Wednesday, July 31, 2019

Nepal (1981) Part 5


One of our porters, carrying three tents with a tumpline.
4 February 1981
Nuntale

Yesterday was dominated by my illness.  I got a pretty serious case of diarrhea, probably from the shitty lunch stop by the river the day before, or perhaps from eating salami there -- it seemed to be a bit off.  I took lomotil in the morning and it seemed to be fairly effective.  Unfortunately, I misplaced the stuff and couldn't take the noon dose.  At 3 PM, I dumped all that remained, with great pain.

The day for me was exhausting.  Uphill walking made my head throb -- especially after lunch -- and Ingrid had to carry everything for a few hours in the afternoon.  I only drank black tea until supper.

We began by climbing along the ridge line steeply above Sagar.  There were a few houses along the way.  These people don't seem to farm, but rather live off animals.  We saw some magpies with beautifully long tails.  After three hours walk, we reached our lunch stop at about 11,000 feet elevation.  The stop was near a shepherd's house.  A Tibetan monk came by and offered us a copper necklace for an outrageous Rs 1000 (Rs 100 seemed a fair price).
Prayer flags at Lamjura Pass
After lunch, we climbed another 600 feet, then did a long traverse across a snowfield with rhododendrons everywhere.  After 1.5 hours traverse, we descended (!) to Lamjura pass at 11,580 feet.  From there we descended steeply, under cloudy skies, for an hour.  As the terrain flattened, we walked out from under the clouds (they seemed to gather around peaks and along ridges in the afternoons).  We did a long traverse to Junbesi, a large, interesting village.  We sat inside a tea shop with Woody and Nancy Jo, then went on to camp, which was in a shady spot right alongside the river.
Our first great view of the mountains; Everest at left.
As we came into Junbesi, we had excellent views of Numbur and some other peaks.

I spent the evening in the tent and ate only rice and soup for dinner.

This morning, I was feeling much better.  Our morning hike climbed through pine forest east of Junbesi in the fog.  We did a long traverse around the ridge separating Junbesi from Ringmo.  As we rounded the southeast end, we got our first view of Everest.  It is mostly black, far enough away to seem unimposing, and had a white plume near its top from blowing snow.  We could also see Nuptse, a long, flat peak, and the southern face of Ama Dablam.

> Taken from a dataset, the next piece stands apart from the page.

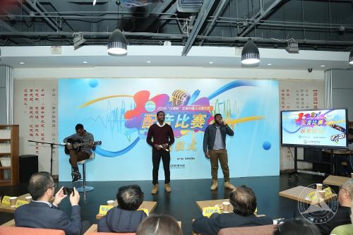 我校三名孔子学院奖学金生,来自尼日利亚的李睿和秦盛文、来自喀麦隆的贾思江,在颁奖仪式上表演了歌曲《飞得更高》。

We continued our traverse northward, passing through Salung, where we stopped at the "Everest View Hotel." (!) Here, Woody and Nancy Jo were drinking chang, a fermented milky colored drink made, in this case, from corn mash.

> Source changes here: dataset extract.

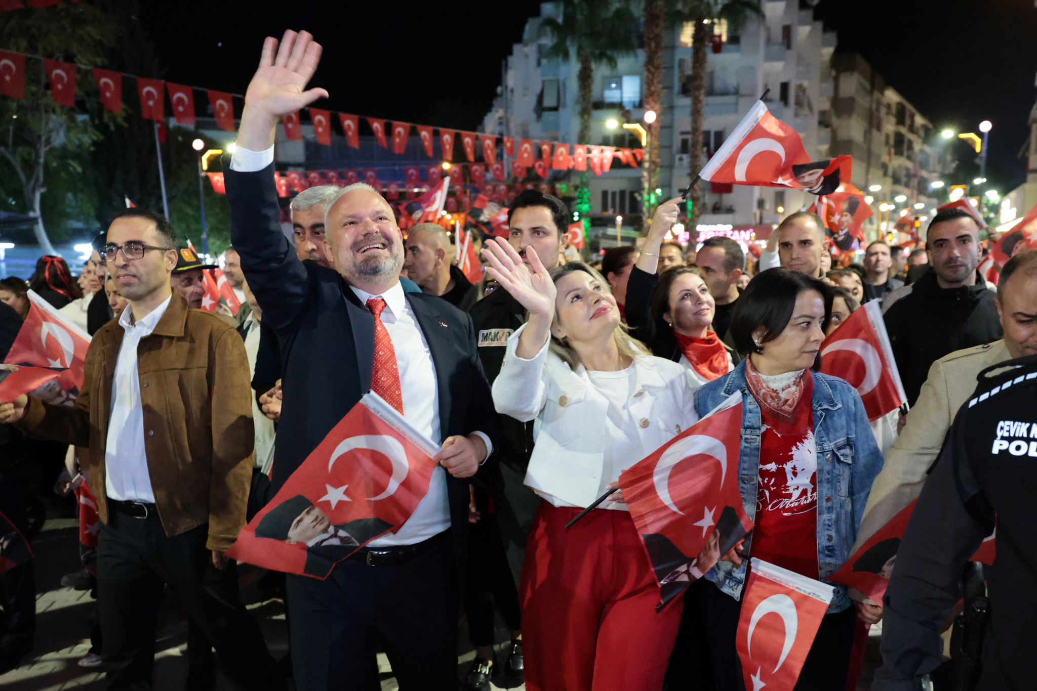 Menemen Belediye Başkanı Aydın Pehlivan'ın konuşması sonrası kutlamalar havai fişek gösterisiyle son buldu.

Our lunch stop was by a river and Ingrid and I washed our hair in the icy water.
All the trekkers at our lunch stop near Ringmo.
After lunch, we climbed through Ringmo, a beautiful village on a hillside with the appearance of a southern plantation.  There are apple orchards here and we bought some apple rakshi (a distilled liquor).
Foggy conditions at the (closed) Trakshindo Cheese Factory.
Fog shrouded stupa at Trakshindo Pass.
We continued climbing toward the Trakshindo Pass, stopping along the way at a cheese factory that, unfortunately, was closed.  We were treated, however, to the sight of two yellow-throated martens -- large, omnivorous mammals with black fur and yellow throats and about the size of anteaters.
Bill and Lhakpa Nurbu in the forest below Trakshindo Monastery
At the pass, the clouds and fog were thick.  The temperature was only 36 °F, very low for early afternoon.  We descended via the Trakshindo Monastery, where we stopped to see the gompa.  From there, the trail passed through a lovely wet forest land -- with the heavy fog, it appeared almost enchanted.  The trail descended fairly steeply to Nuntale, our camping spot.  This village is the most medieval that I've seen in Nepal.  About 15 buildings line the trail.  In one, a woman was grinding corn using a hand spun millstone.  There is a rack of drying corn in the middle of the village and a chicken sits atop it eating kernels.  (The rack is 10 feet high.  How did the chicken get up there?)  Two young men chase a pig and catch it by a rear leg and pull it screaming into its pen for the night.


2 comments:

Alison Stone said...

I'm amazed at your detail of each day! Were you making notes during the day? I always found that by afternoon, those experiences overtook everything that happened in the morning - and by the time I wrote after dinner, it was hard to summon the energy to get it all down. Well done Bill!!

Bilbo from California said...

Alison -- I don't remember specifics about the journaling process. I expect that I was writing from a combination of memory, conversation with Ingrid, and cue sheets plus maps. (The journal itself doesn't have any record of notes taken along the way.) Thanks for your comments.